The first shall not last: early color shows tree stress
Seems like competitiveness is part of our DNA in the United States. The world’s biggest economy, the first nation to land a person on the moon, that kind of thing. And this attitude may be magnified for New Yorkers—after all, we live in the Empire State, which has been first in lots of areas, including the tallest building in the world in its time.
But it does not always pay to be first. No prize awaits the fastest car that passes a radar patrol, or the first person to come down with the flu at the office. And for trees, the first ones to turn color in autumn are not envied by their peers. If trees experience envy, which no one knows. The first trees to show orange and red and drop their leaves are telling us to get quotes from a tree-removal company, because they are not going to last.

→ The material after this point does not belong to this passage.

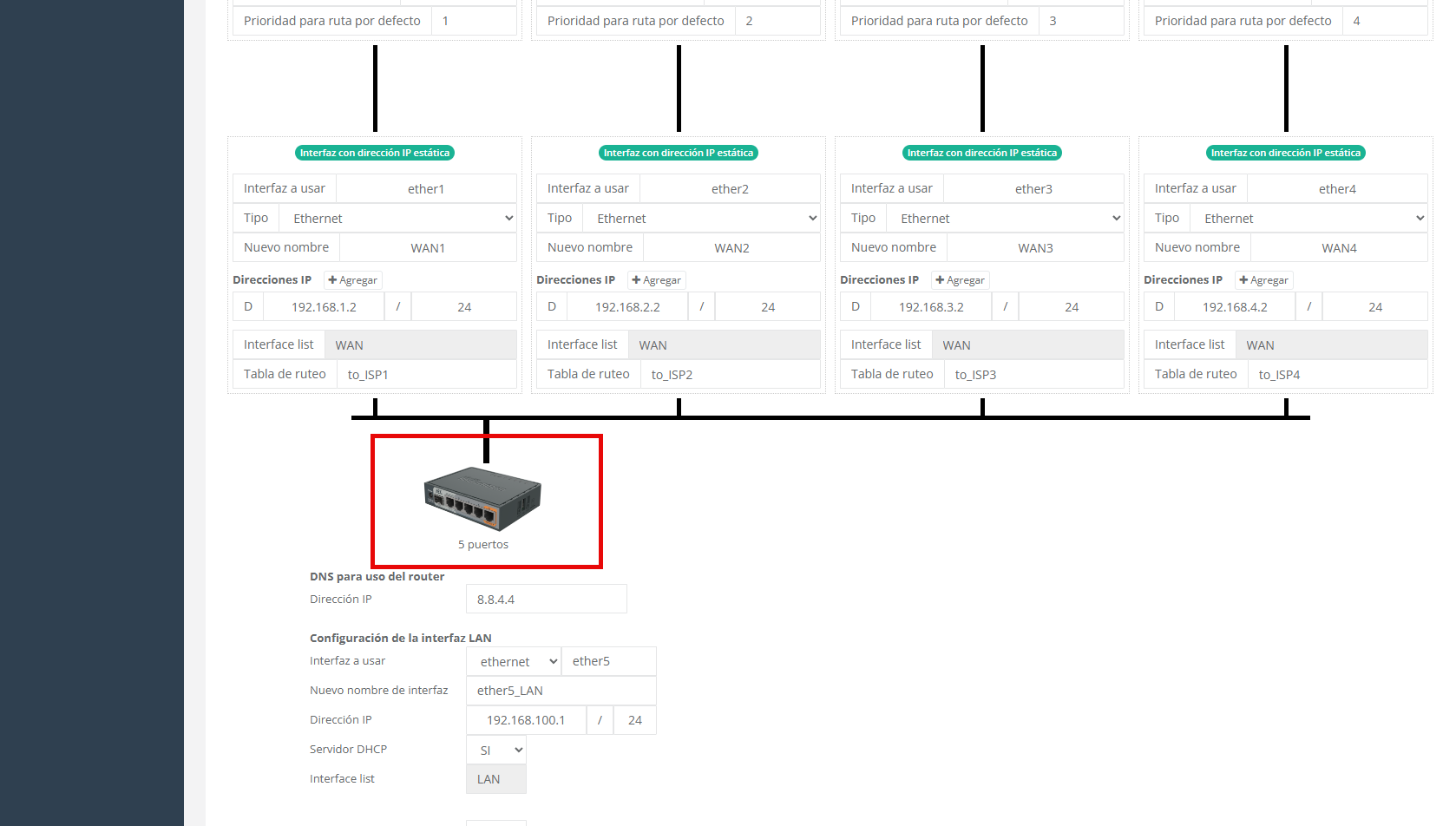 Buen día Nanotic, si hablas del generador de balanceo de carga, la imagen que aparece es un ejemplo del router en el que se podría instalar, lo importante es que sea un router Mikrotik y en tu caso solo deberás asegurarte que el router donde vas a instalar la configuración tenga los 10 puertos que indicas.

The reason that some trees turn color ahead of their compatriots has to do with their balance sheets. Trees are meticulous accountants, and tend to be good savers that never live beyond their means. When it’s no longer profitable to operate, they start closing down for the season.
Each spring, deciduous trees take money out of the bank—starches out of trunk and root tissues—and invest in a huge solar-powered sugar factory, known as leaves. After paying for its annual complement of leaves, a tree’s costs for the season are nighttime respiration, in addition to as-needed maintenance such as chemical responses to insect feeding, pathogen incursion, or injury. Its income is the form of sugars it makes from water, carbon dioxide and sunlight via photosynthesis.

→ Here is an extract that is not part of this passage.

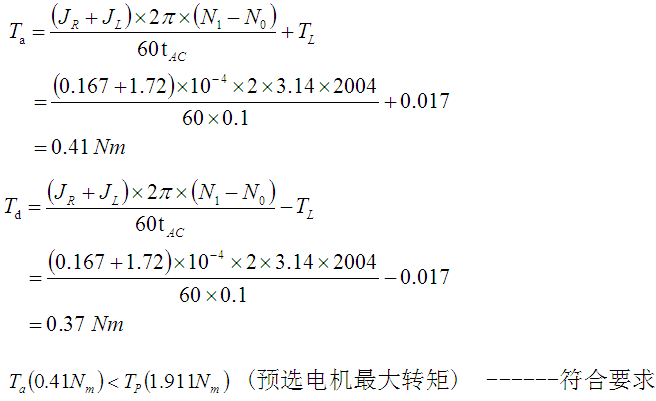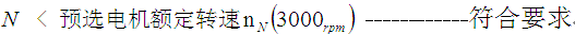(说明预选电机各项参数指标在合理使用范围内,预选电机60BLA20-30(200W)型号电机可以使用。)

As summer wanes, the longer nights drive up costs (respiration), while the shorter days bring down income. Eventually, a tree reaches a point where it only breaks even, and it closes shop for the season. However, trees that are under stress for one reason or another have a hard time procuring the raw materials for their business. If nutrients are missing, if roots are burned by salt, physically damaged or find it hard to breathe properly due to soil compaction, or if uptake and transport of water is reduced, that makes their sugar factory inefficient. They cannot earn as much, and are less profitable overall.
Yard and street trees, for example, experience high soil temperatures, restricted root zones, intense competition from turfgrass, and other conditions that make it tough to get water. If road salt is deposited in the root area, this exacerbates the problem. Trees with waterfront homes have other challenges: fluctuating water levels tax their root systems, and those soils tend to be nutrient-poor. Such trees will reach the break-even point earlier than healthy trees, and they will close their doors early to avoid losing money, thus triggering color change.
We know that orange (carotenes) and yellow (xanthophylls) colors are already present within the leaves, masked by green chlorophyll. Trees begin to make a waxy compound to block off water and nutrients to their leaves, which is the equivalent to winterizing a camp or boat. It avoids winter damage. as the leaves are thus choked off, chlorophyll dies and yellow and orange are revealed. Red (anthocyanins) is a different story. It is manufactured in the fall by some species, maples in particular, at significant cost. Science has yet to come up with a plausible explanation for this. Probably, enjoying the color show is far more important than figuring out why red happens in fall.
Sometimes you’ll see a bright-colored branch on a mainly green tree, which means business is good overall except for that “branch office.” In these cases, it is a particular major root which is in trouble. It’s not always the root directly below the early-color branch, because vascular systems may spiral.
Whenever you see a tree hanging a “See You Next Year” sign earlier than others, you can be sure it’s facing severe stress and is taking the most prudent action. Our prudent response would be to choose a replacement tree, and plan to remove the early bird. And to remember that first is not always best when we are tempted to cut a queue.
Paul Hetzler is a horticulture and natural resources educator with Cornell Cooperative Extension of St. Lawrence County.